1, which can be identified by querying the engine number of the vehicle.
When most people provide mortgage loans, they will ask the other party to provide relevant procedures and certificates for vehicles, but they often lack the ability to effectively distinguish the authenticity of these procedures.
The most effective way to identify the true identity of a vehicle is to record the original rubbing number on the motor vehicle engine and then send it to the vehicle management department for verification.
Because the original number on the automobile engine and its record in the vehicle management department can't be forged under normal circumstances. In addition, in the identification of documents, when buying a car, we should focus on the original bills of the mortgage borrower. These banknotes are relatively difficult to forge and more authentic.
2. Payment can be made by requesting transfer, and the mortgaged vehicle cannot be transferred.
If the swindler wants to resell the rented car, he will inevitably make supporting fake documents for buyers who are not vigilant.

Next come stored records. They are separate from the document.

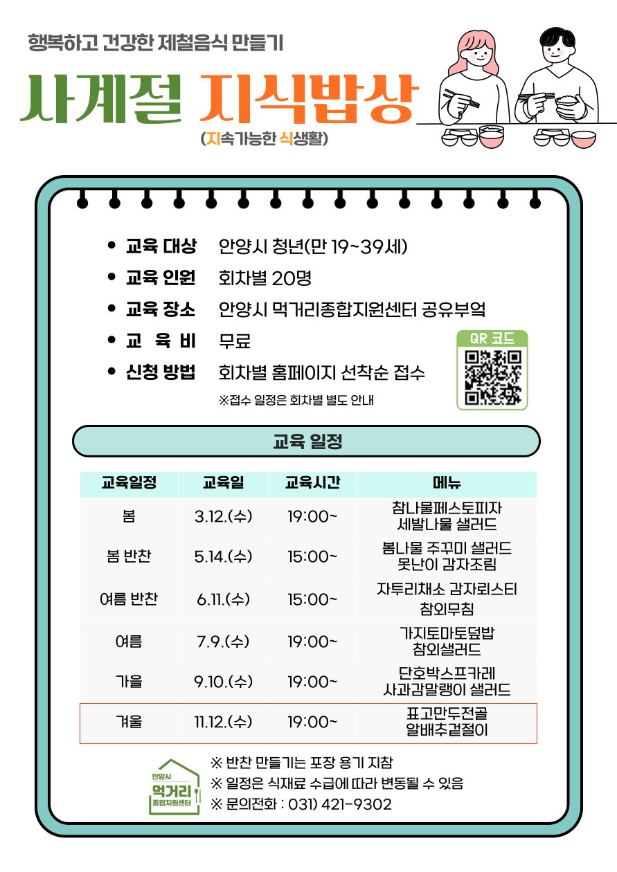 마지막 네번째 겨울 주제로 겨울의 식재료를 활용한 다양한 요리법을 알고 음식물쓰레기를 줄이는 방법에 대해 알아보는 시간입니다.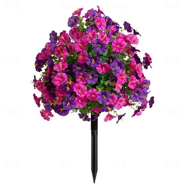 屋外の春の装飾用、人工造花8束。シルク製のカラフルな紫色のUV耐性リアルな造花で、屋外のポーチ、パティオ、庭、プランター、鉢、窓辺のプランターに最適です(ミックス)。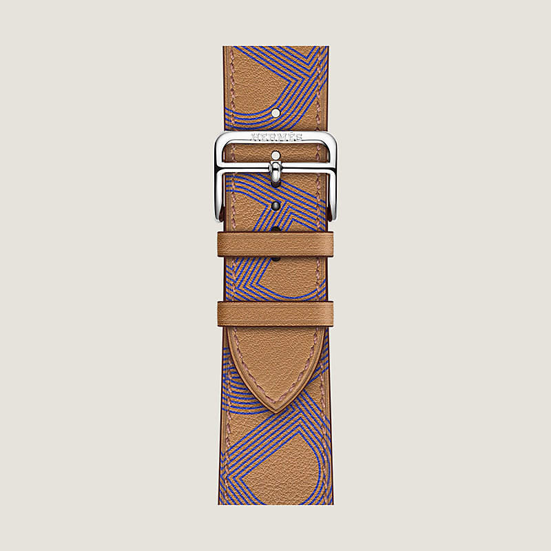 Bracelet simple tour en veau Swift coloris Biscuit/Bleu Électrique, imprimé « Circuit 24 »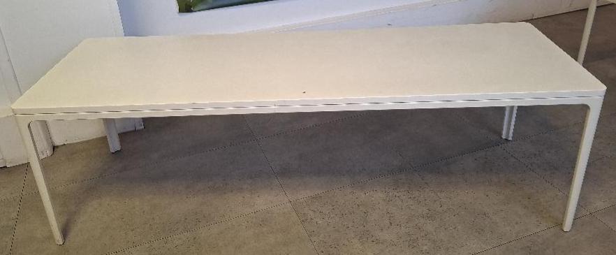 Table basse design Jasper Morrison modèle Plate Table édition Vitra, plateau rectangulaire à bords arrondis en bois stratifié blanc sur piétement en acier laqué blanc (petit éclat sur le plateau). 36 x 120 x 40 cm. Localisation: 26 rue Cambaceres – 75008 Paris. (2eme étage)

Disadvantages of mortgaged vehicles:
1, the mortgage auto financing institution can't claim the car from you, but the bank can. The hidden danger is that the original owner has no money to repay the loan, and finally the bank takes back the car he bought, which may eventually lead to economic disputes. Cars are not their own property. Although the mortgage car is cheap, it is risky, and many people don't buy it.
2. The mortgage car is likely to become a impounded car, which can't be inspected annually and can't be used on the road. As a result, the purchased mortgage car dare not drive on urban roads and only dare to use it in some remote areas. The above two situations are hidden dangers or traps without understanding the reality of the mortgage car.
3. The mortgage car can't be transferred normally, but it can buy insurance normally.